Being retro has been trendy in dance music ever since there was something to be retrospective about. The key to being relevant lies in whether you anticipate or ride the wave of whichever revival is sweeping dance floors across the globe, or plough a lone furrow obstinately harking back to whichever golden age your rose tinted glasses focus on. To refer to the 42-year-old Luke Vibert as ‘retro’, when Bizarster marks his seventh album under his own name, and falls 22 years after the release of his debut full length would say more about my millennial sensibilities than Vibert’s music; but at the same time, it is a question of whether he is looking back to the right moments of his illustrious career.
The album’s press release describes Bizarster as 'a hall of mirrors with a happy bounce, re-tooled with skill, and always with a sense of fun', blurring boundaries between various genres from UK dance music’s history. Whilst Vibert does take a trip down memory lane, Bizarster sees him not so much blur boundaries, as blur right past them with breaks loudly leaking from his headphones. From the get go, you have ‘Knockout’, with its wonky rave breakbeat and filthy bassline, followed by the upbeat disco house ‘Officer’s Club’ which mixes clattering hi hats and a reggae vocal sample. Track four, ‘Ghetto Blast Ya’ harks back to the early Nineties with the Beastie Boys wandering into a rave, before leading into Vibert’s take on ‘In The Air Tonight’ with ‘I Can Phil It’. This is followed by ‘Manalog’ which shows that Vibert does, in fact, still love acid. ‘War’ has a massive nod to DJ Shadow with a live drum sample and floating horns, whilst the title track revels in his more chilled Ninja Tune roots. As the album comes to a close ‘Doozit’ blends Balearic guitar riffs with chunky dubstep that hasn’t been seen since it went AWOL in the mid-Noughties, whilst ‘Don’t Fuck Around’ has Vibert putting on his junglist hat and having it large.

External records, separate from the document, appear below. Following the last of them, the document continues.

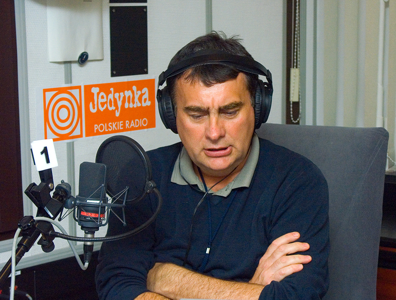 Paweł Sztompke, Polish radio journalist, picture taken in Polish Radio Station no 1.
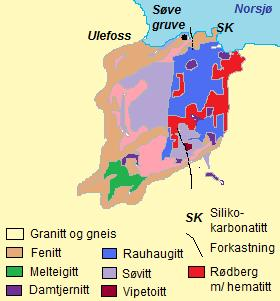 The Fens Field, a geological structure near Ulefos in Nome municipality, Telemark (Norway). Thee structure is 580 - 540 years old, and vulcanic.
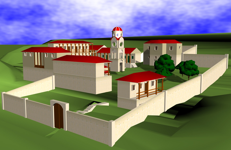 3D simulation of past condition

Whilst Bizarster has been referred to as a eulogy for UK dance, it feels not so much like a coherent and conscious retrospective of the scene as much as a handy way in which to clear the back catalogue of various projects Vibert has been working on so he can start fresh. It is this element that calls into question the wisdom of releasing all 58 minutes of material in one package, rather than as a group of EPs, and sees him fall into the dance music trap of thinking a collection of bangers makes an album. That is not to say that the songs aren’t good – as the likes of ‘Officer’s Club’ and ‘Ghetto Blast Ya’ in particular are absolutely banging, and every track is well produced, rich, textured and irrepressibly fun. It’s more that as a whole, Bizarster just feels a bit lazy and thrown together, and fails to have any real continuity which can hold your attention for the hour that it plays out. And whilst acid, jungle, dubstep, disco and rave in general will always be rising up and fading away, being relevant in one way or another, it remains to be seen whether Vibert’s love of breaks will see it rise from the ashes like a phoenix, or see him ploughing a lone and slightly dated furrow on his tod.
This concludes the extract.